§ How to complete this task: Please return every line of the material verbatim and skip any images.

§ Source data:
[Start of Attachment]
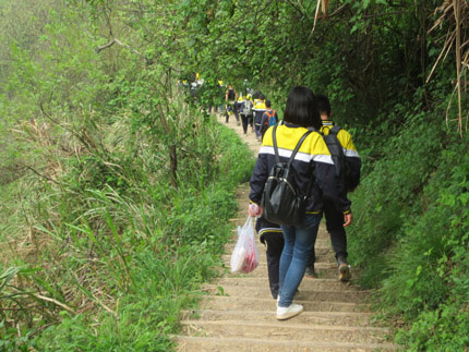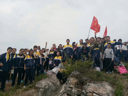 这是一次磨炼之旅。从早八点出发,到下午将近四点返回,历经近八个小时。从登山,到返程,行程约三十公里。有的同学鞋磨破了,有的腿走痛了,甚至有的同学腿抽筋了,有的同学脚崴了,有的同学胸闷(马一同学第一次登父子山因胸闷而中途放弃)……没有任何因素能阻止,552名同学全部登顶。
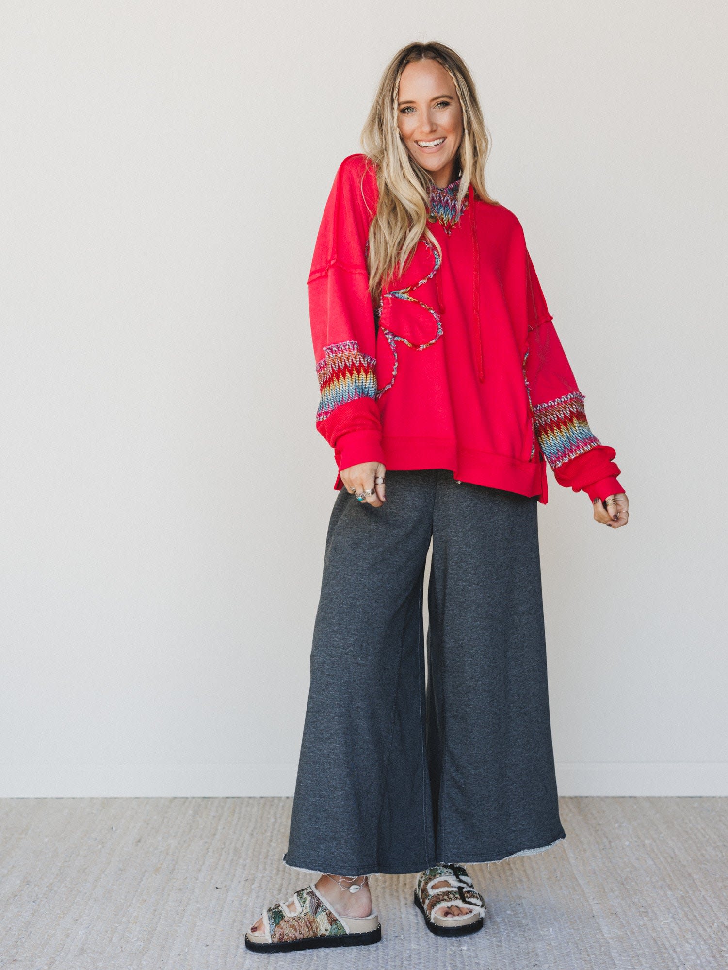 Bright, bold, and made for slow mornings with big dreams. The Patchwork Poppy Bundle brings major personality to your cozy days with a statement hoodie and lounge-ready pants that don’t skimp on charm.
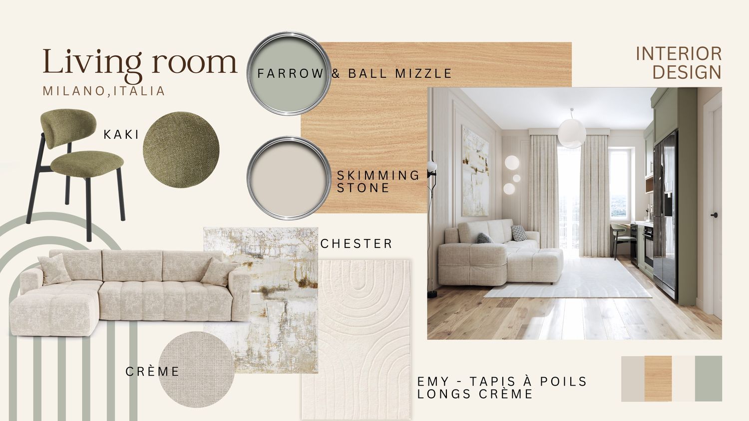 The **color palette—Mizzle, Skimming Stone, white, and black—**establishes a refined harmony, while wall paneling and moldings add architectural depth and sophistication without overwhelming the compact proportions.
[End of Attachment]
§ Your response:
 这是一次磨炼之旅。从早八点出发,到下午将近四点返回,历经近八个小时。从登山,到返程,行程约三十公里。有的同学鞋磨破了,有的腿走痛了,甚至有的同学腿抽筋了,有的同学脚崴了,有的同学胸闷(马一同学第一次登父子山因胸闷而中途放弃)……没有任何因素能阻止,552名同学全部登顶。
 Bright, bold, and made for slow mornings with big dreams. The Patchwork Poppy Bundle brings major personality to your cozy days with a statement hoodie and lounge-ready pants that don’t skimp on charm.
 The **color palette—Mizzle, Skimming Stone, white, and black—**establishes a refined harmony, while wall paneling and moldings add architectural depth and sophistication without overwhelming the compact proportions.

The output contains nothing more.